C’è perfino chi tenta a tal punto di emulare l’immagine ideale di sé proposta su Facebook o Instagram da affrontare sfide paurose e potenzialmente dannose per la salute, come chirurgia o attività che mettono a repentaglio la sicurezza personale.

Una delle più note e recenti è senza ombra di dubbio la “Butt challenge” che prevede di fare di tutto per ottenere un lato B perfetto. Se non c’è nulla di male nel tentare di migliorarsi attraverso l’attività fisica e una dieta equilibrata, quando avere un fondoschiena senza difetti diventa l’unico obiettivo di vita la situazione può degenerare facilmente: migliaia di persone nel mondo hanno perfino accettato di sottoporsi a interventi chirurgici (anche rischiosi) per avvicinarsi al risultato sperato, con conseguenze talvolta non gradevoli e rovinosi.

C’è anche chi non si limita a una parte del corpo e si auto-costringe a diete da fame o ad allenamenti insostenibili per apparire al meglio su Internet: “gare di magrezza” come la “Ribcage bragging challenge” (la moda di fotografarsi con le costole sporgenti per vantarsi della propria forma fisica) o la “Thigh gap challenge” (l’ossessione per le gambe magrissime, in cui le cosce non si toccano) sono un triste esito di una società in cui i like sembrano spettare solo a chi si rovina per apparire “al top”. Oltre a queste tendenze altamente pericolose che favoriscono, se non adeguatamente controllate, disturbi alimentari e di altra natura, vi sono altri pericoli si annidano nel mondo del web.

Tra le varie “challenge” (sfide) proposte sui social, spesso anche con hashtag dal gusto discutibile, e in voga soprattutto tra i giovani, tante incitano gli utenti a compiere gesti estremi: un selfie in un luogo pericoloso, ingerire prodotti non commestibili o seguire istruzioni incredibili.

Oltre a quelle largamente conosciute (come il “Blue Whale“, il “gioco suicida” che ha tormentato genitori, ragazzi e autorità a livello globale), esistono anche challenge meno note ma ugualmente spaventose: tra le più recenti spiccano sicuramente la “Tide Pod Challenge“, che sfida gli utenti a ingoiare capsule di detersivo anche a rischio della vita, e la “Shell-on-Challenge“, che incita assurdamente a mangiare i cibi con l’involucro. Numerose anche le sfide a sfondo sessuale (come il “Sexting“) e quelle violente (un esempio è il “Knockout game“, che consiste in aggressioni ai danni di passanti, riprese e diffuse crudelmente e senza ritegno sui social).

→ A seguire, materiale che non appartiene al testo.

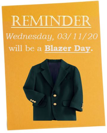 Blazer Days are Required for Special Events & will occur at least once a month**
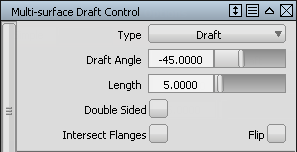Multi-surface Draft Control ウィンドウで、設定を Draft Angle を -3 度、Length を 2 に変更し、Update をクリックします。
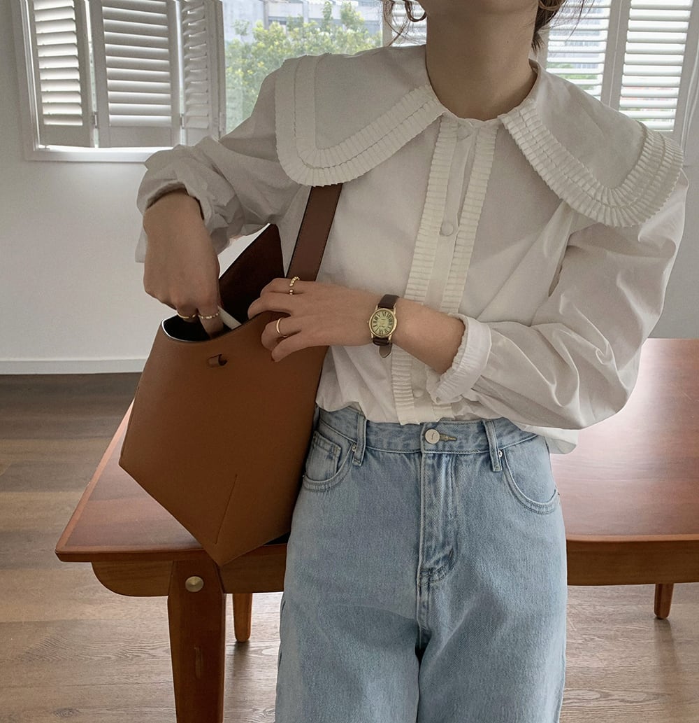 トップス シャツ ブラウス 袖あり 長袖 襟付き ビッグカラー 丸襟 プリーツ かわいい 大人可愛い きれいめ シンプル カジュアル フェミニン おしゃれ お洒落 おとな こなれ感 ラフ 個性的 レトロ 抜け感 無地 オフィス OL 通勤 学生 通学 デート お出かけ 女子会 休日 旅行 散歩 街歩き フリーサイズ ゆったり ホワイト ライトブルー 春 秋 冬 10代 20代 30代 40代 ママ 女性用 韓国 韓国系 着回し 普段使い 重ね着 体型カバー 定番 ファッション コーデ スタイル モテ 流行
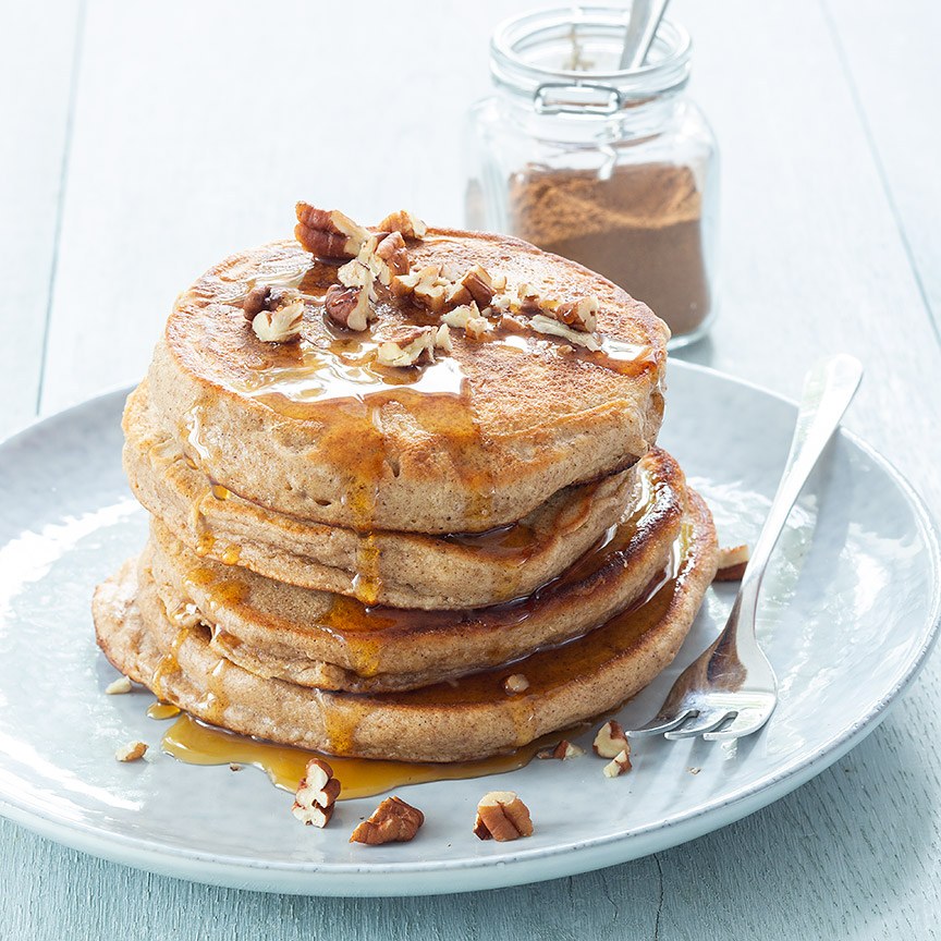 1. Zeef het bakmeel in een kom en voeg de karnemelk, suiker, eieren en pumpkin spice kruiden toe. Klop met een garde of mixer door elkaar. Verhit een pan en smelt hier wat boter of margarine in. Schep hoopjes van het beslag in de pan en bak 2 a 3 minuten aan een zijde, als er belletjes en gaatjes ontstaan dan kun je pannenkoeken omkeren Bak ook de andere zijde lichtbruin. Serveer de pumpkin spice pannenkoeken met wat grof gehakte pecannoten en honing of agavesiroop.

Di fronte a tutte queste verità incredibili viene da chiedersi: perché da una cosa meravigliosa, come i social, emerge un fenomeno così sgradevole e allarmante? Dare una risposta completa e valida per tutti è impossibile, ma è vero che in molti casi alla base di comportamenti sconsiderati e pericolosi per il singolo e/o per la comunità stanno due cose: la necessità di apparire e valutare se stessi in base all’accettazione degli altri e il bisogno di provare emozioni di qualsiasi tipo in una realtà ormai “vuota” (ribattezzato da alcuni come “sensation seeking“), anche quando questo comporta dolore o la perdita della vita (in senso metaforico o letterale), svuotata di ogni effettivo valore nel nome del “successo” sul web.